The DNA-derivatized gold slides were incubated in a 1 mM aqueous solution of 6-mercapto-1-hexanol (MHO) at room temperature for 1 hour in a closed container, rinsed with deionized water and dried with nitrogen gas. Hybridization with the target strands was carried out in 3× hybridization buffer (HB). The slides were covered with a 1 µM solution of target DNA strands in HB for 1 hour at room temperature, rinsed with 3× HB, deionized water and dried in a stream of nitrogen gas. Control experiments included the incubation of bare gold slides in an unmodified DNA solution with the same sequence as the thiol-modified probe and incubation of bare gold slides in MHO solution. At least three samples were prepared for each modification.

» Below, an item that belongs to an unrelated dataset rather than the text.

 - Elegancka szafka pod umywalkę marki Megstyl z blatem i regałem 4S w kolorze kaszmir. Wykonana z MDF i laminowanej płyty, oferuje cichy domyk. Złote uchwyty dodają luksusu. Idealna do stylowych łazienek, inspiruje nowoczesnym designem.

Modification of SPR sensing surface with probe DNA

SPR sensing modules were modified by wetting the gold sensor surface with 50 µL of 10 µM DNA–SH solution in PB, and incubating in a closed container for 48 hours at room temperature. The gold surface was rinsed with PB and dried with nitrogen. The DNA–derivatized gold surface was incubated with 100 µL of 1 mM MHO in deionized water and stored for 1 hour in a closed container. The surface was rinsed with deionized water, dried with nitrogen, and then stored in a sealed Petri dish at 4 °C until further use.

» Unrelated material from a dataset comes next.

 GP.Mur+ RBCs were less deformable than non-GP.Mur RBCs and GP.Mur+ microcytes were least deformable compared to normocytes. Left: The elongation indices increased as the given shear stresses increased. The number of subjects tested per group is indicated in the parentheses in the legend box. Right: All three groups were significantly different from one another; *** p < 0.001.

For the temperature experiment using different surface densities of probe DNA, DNA–SH solutions were prepared in 3× HB: one contained 10 µM DNA–SH and the other contained 10 µM DNA–SH and 10 µM FM target DNA in order to hybridize the probe DNA prior to surface deposition. After 1 hour incubation at room temperature 50 µL of each solution were used to coat the gold surface of four SPR sensors (two for each solution). Following incubation in a closed container for 48 hours at room temperature the gold surface was rinsed with 3× HB and was covered with 100 µL of 1 mM MHO in deionized water. From each set of two sensors incubated in the same DNA–SH solution, one was incubated for 1 hour at room temperature and the other was incubated for 5 hours at room temperature. All surfaces were rinsed with deionized water, dried with nitrogen and stored in a sealed Petri dish at 4 °C until further use.

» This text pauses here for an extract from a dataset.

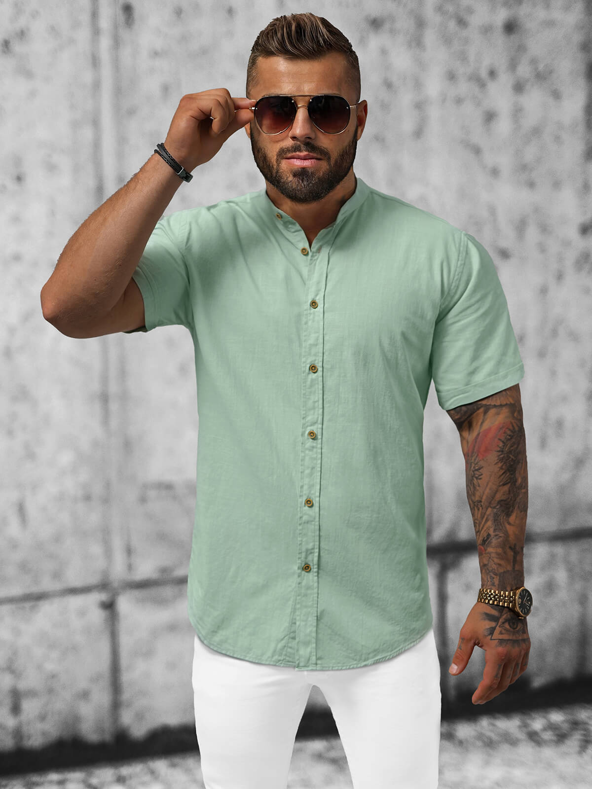 Przedstawiamy elegancką koszulę męską marki Ozonee, model O/V48Z, w jasnozielonym odcieniu, która pochodzi z najnowszej kolekcji. Idealna na ciepłe, letnie dni dzięki lekkiej i przewiewnej tkaninie.
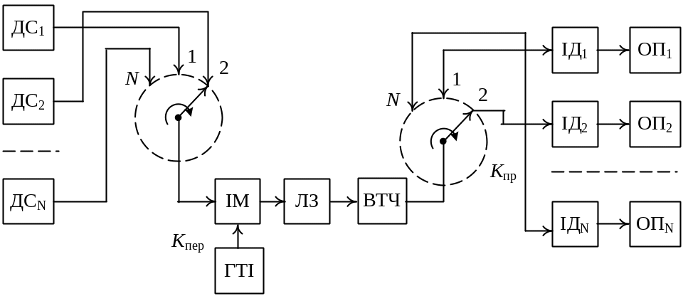 Рисунок 9.5 – Структурна схема багатоканальної системи передачі повідомлень із часовим розподілом каналів

Electrochemical characterization of gold slides

Electrochemical measurements were obtained with a Gamry Instruments Reference 600 Potentiostat/Galvanostat/ZRA (Warminster, PA, USA). An electrochemical cell consisting of three electrodes was assembled. The modified gold slides were used as the working electrodes, an Accumet saturated calomel electrode (SCE) from Fisher Scientific (Pittsburgh, PA, USA) as the reference electrode, and an Accumet platinum wire as the counter electrode. The slide was contacted with an alligator clip, while an area of 1 cm2 was immersed in the electrolyte solution together with the SCE and counter electrode. The electrolyte solution was prepared in 10 mM PB, containing 1 mM potassium ferricyanide [K3Fe(CN)6] (as redox probe) and 100 mM KCl (as supporting electrolyte).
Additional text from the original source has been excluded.